How to make Biryani / Biriyani

2-3 years back I did not know the difference between biryani and pulav. I thought biryani has a different masala called “biryani masala”, but the method for both are same. We were in San Diego for a small business trip and one of my colleagues always prepared biryani on the similar lines as pulav. It definitely tasted great. But then, our manager (who is a Gujrathi but settled here in US), always said ‘what you people make cannot be called biryani’. I never got any chance to see how he makes biryani. But when I returned to India, I went to Belgaum and made sure to learn the biryani from my Pachi’s cook. Her biryani is just amazing.

Here I’ve noted down tips and tricks on “How to make Biryani / Biriyani”, detailed description and step by step pictures/photos with instructions.

While cooking biryani, the rice is cooked separately and alternative layers of vegetables/meat and rice is arranged and cooked on a very low flame for a long time. The best biryanis have each grain separate. They tend to be more dry compared to pulavs. Read here for more information about biryani.
Biryanis can be broadly classified in two
– Kutchi(raw) biryani – where the meat/vegetables are layered between semi cooked rice. For ex: Belgaum style biryani.
– Pakki(cooked) biryani – where cooked meat/vegetables are layered between semi cooked rice. For ex: Biryani with ‘biryani mix’

As I said earlier, biryanis have 2 or more than two layers of meat/vegetables and rice. But I have noticed that, the biryani cooked in Belgaum has only one layer of raw meat/vegetable at the bottom. Then there are layers of rice topped with biryani masala, fried onion. This may be what they followed from generations, but I absolutely love this. It is possible that to cook the meat fast and evenly they put only one layer so that the rice gives the desired weight to cook it faster(thats just a guess).

Here I give some general steps of making biryanis. I will not give any recipe, because these steps are useful with any biryani recipe.

– Cook basmathi rice with water, salt and 2 drops of oil till rice is 3/4th done. A few whole spices are usually added while cooking the rice. Note that rice should NOT be completely cooked. Drain water from the rice and if required, run it through cold water to separate the grains.

– Prepare the masala, for the ‘kutchi biryani’, fry all spices and meat/vegatetable in oil till a nice aroma comes out. Do not cook the meat/vegetables completely. For ‘pakki biryani’, fry the spices and meat/vegetable in oil and then cook it till the meat is completely done.

– Heat oil and fry onion slices till they turn brownish. Take out the onion from the oil on a paper towel.

– Soak saffron or the biryani color in warm water.

– Divide the meat/vegetable mixture in 2 or more portions. Divide the rice in same number of portions.
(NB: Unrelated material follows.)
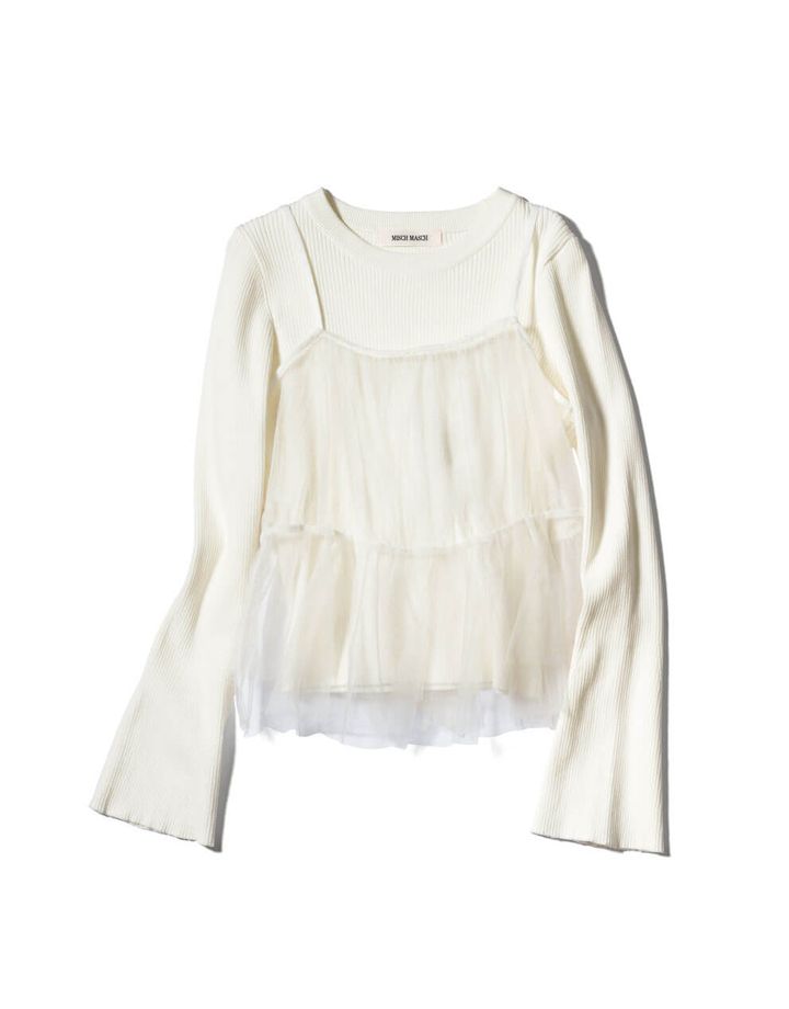 ふんわりとしたシルエットで気になる体型もカバー。リブニットに重ねたチュールキャミでイマドキなニュアンスを手に入れて。

– Take a thick bottomed pan and heat ghee/oil. Add one portion of the meat/vegetable mixture. Cover with a layer of rice. On top of rice spread a layer of fried onion and soaked color/saffron (Some people add the onion and color layer only on the top). Arrange all the meat/vegetable and rice layers. Spread fried onion and color on top. If desired, spread a table spoon of well beaten yougurt/curd on top.

– Add some(around 1tbl spn) ghee/oil on top, add 1 cup of water(for 1 cup rice). Cover well and cook on a very low flame. After some time, when the grains have almost cooked (the grains would have become bigger). Heat a tava and keep the biryani vessel on the tava. Cook on a low flame again till the meat/vegetable and rice is completely done (if required, add only a little water, too much water makes the biryani mushy).

– Serve hot with raita or mint chutney.

PS : Do not try making biryani in a hurry. It comes out great when it is cooked on a low flame for a long time.
Do not use cooker for making biryanis.
In the above pictures, I have spread some biryani masala along with fried onions and have not used the color. I used the extra masala for the extra flavor.
The two recipes where you can follow this method are this and this.

31 Comments for “How to make Biryani / Biriyani”

says:

Great classic recipe and wonderful step-wise pictures. One could just take a look at your pics and tell how it is made without seeing your write-up:) Thanks!

Anitha

says:

Instead of on the the tava, keeping it in an oven safe bowl [sealed tight with aluminium foil] in the oven for 30 mins is yummy too!!

Deepa

says:

Thanks Shilpa for the detailed step by step method for Biryani,Biryani was one thing I never tried,but with your detailed description Im surely going to try it soon,
will surely let you know how it turned out once I make it.

pelicano

says:

shilpa-

very nice photos and guide to making a good biryani! i found myself wanting to take a scoop from the last photo!!!
i, like anitha, like to use the oven for biryani-steaming. i feel it more closely replicates the “dum pok” cooking of hyderabad, where the cooking vessel is sealed with raw dough and placed over coals, and near the end of the cooking, more coals are heaped on top of the vessel to cook the biryani from above as well as below.
it’s amazing how technology cannot compete with ancient cooking methods, but we do our best.

Shilpa

says:

Thanks Hema, Linda, Deepa, Rooma, Krithika.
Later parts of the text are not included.